Only two young men had a crack at winning the Howard Trophy for junior men's skating. In 1943, Toronto's Norris Bowden had lost the event to Ottawa's Nigel Stephens. He returned in 1944 to compete against Roger Wickson, a talented young skater from the Connaught Skating Club in British Columbia who trained in Ottawa under Otto Gold. After the figures, Wickson had amassed an incredible sixty point lead. This, coupled with his excellent free skating, assured Wickson the win. Even though all but one judge had him in first, the audience took exception with his low marks. Wickson was a sixteen year old in his third year of high school who planned to study engineering in high school.

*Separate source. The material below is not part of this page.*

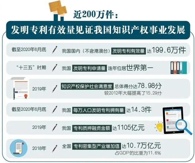 截至2020年6月底,我国国内(不含港澳台)发明专利有效量达199.6万件。“十三五”时期,我国发明专利申请量连年位居世界第一,创新活力持续迸发的背后,是我国知识产权创造、保护、运用等“全链条”的全面跃升。

The first and second place finishers in the junior women's event in 1943, Nadine Phillips and Marilyn Ruth Take of Toronto, had both moved up to the senior ranks. In the figures, all six of the junior women were reasonably close. The leader was Suzanne Thouin, a young woman from Montreal who had spent the previous three winters skating at the Minto Skating Club after the Montreal Winter Club was taken over by the military. Niagara Falls' Gloria Lillico won the free skate and a first place ordinal from one judge, but remained in fifth overall due to her marks in figures. 

Suzanne Thouin

Suzanne Thouin took the gold, ahead of Doreen Dutton and Anne Westcott. Dutton hailed from Drumheller, Alberta. There was no skating club in her town so she was forced to drive ninety miles north to Calgary to practice. Thouin spoke three languages and was a budding actress and ballet dancer. She was seventeen and had only been skating for five years.

THE WOMEN'S COMPETITION

Barbara Ann Scott on a Victory Loan Drive in 1944 with Mayor J.E. Stanley Lewis and Prime Minister William Lyon Mackenzie King. Photo courtesy Ross Dunn.

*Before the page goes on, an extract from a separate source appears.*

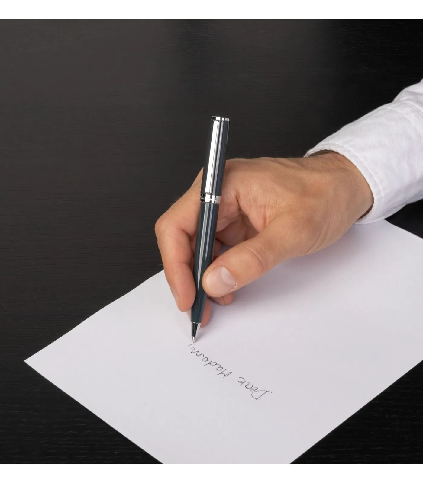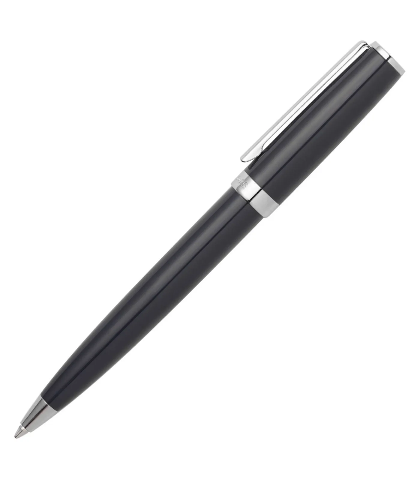 De allernieuwste versie van de iconische Gear balpen van Hugo Boss. Het bekende silhouet met een tijdloze twist, voorzien van een simplistische logo ring met glanzende lak. Het perfect gebalanceerde systeem zorgt voor een ultieme schrijfervaring. Deze luxe pen is verkrijgbaar in vele verschillende kleuren, zowel neutrale, zoals deze donkergrijze versie, als ook in trendy zachte pasteltinten. Dimensions: DIA.12/H.136 mm, Material: Brass,Metallic paint (shiny),Chrome plating

Fifteen year old Barbara Ann Scott of Ottawa had won the Canadian junior women's title in 1940 when she was just eleven years old. She finished second to Winnipeg's Mary Rose Thacker in the senior women's event in both 1941 and 1942, largely due to Thacker's strength in the school figures. Thacker had since turned professional, and the title in 1944 was Scott's for the taking. As the only skater in Canada who had passed her Eighth Test in both Canada and the U.S. at the time, she was a heavy favourite to win in her home town.

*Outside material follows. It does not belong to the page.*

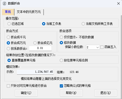 17.11版改进:增加了“忽略有公式的单元格”选项,界面上增加了所见即所得折合结果示例;有公式的单元格,在按“系数折合”时,应该是原有公式乘上折合系统,已经改进。

In Ottawa, the senior women skated twelve figures in all - rockers, counters, brackets, loops and threes on both feet. Marilyn Ruth Take managed to beat Barbara Ann Scott on one figure, the difficult loop-change-loop, but Scott managed to amass a ridiculous lead of one hundred and fifty seven points after the first round of the competition was completed. To put that number into context, at the same year's U.S. Championships in Minneapolis, the widest point spread between the five women competing in figures was ten points. Even if Scott wiped out on every jump in her free skating performance, she still would have won by a wide margin.

Barbara Ann Scott. Photo courtesy Bibliothèque de Québec.

Instead, Barbara Ann Scott won her first Canadian title with a marvellous performance. In "Skating" magazine, Naomi Slater Heydon and Mavis Berry Daane wrote, "In the free skating she was placed first by every judge... The performance of her free skating seemed as faultless as human performance can be. She received marks of 9.3, 9.4, 9.5, 9.5 and 9.5. Her grace, sure-footedness, her difficult contents and her showmanship had the audience leaning out of their seats in order not to miss a single move. Her double jumps and spin combinations were breathtaking. When she was through, she was acclaimed with roaring applause. Canada has a new and great Senior Lady Champion." In a three-two split of the judging panel, Marilyn Ruth Take outranked Nadine Phillips by one ordinal placing to finish second. Virginia 'Billee' Wilson, the first cousin of Canadian Champion Eleanor O'Meara, took a tumble early in her free skate and never recovered, placing fourth.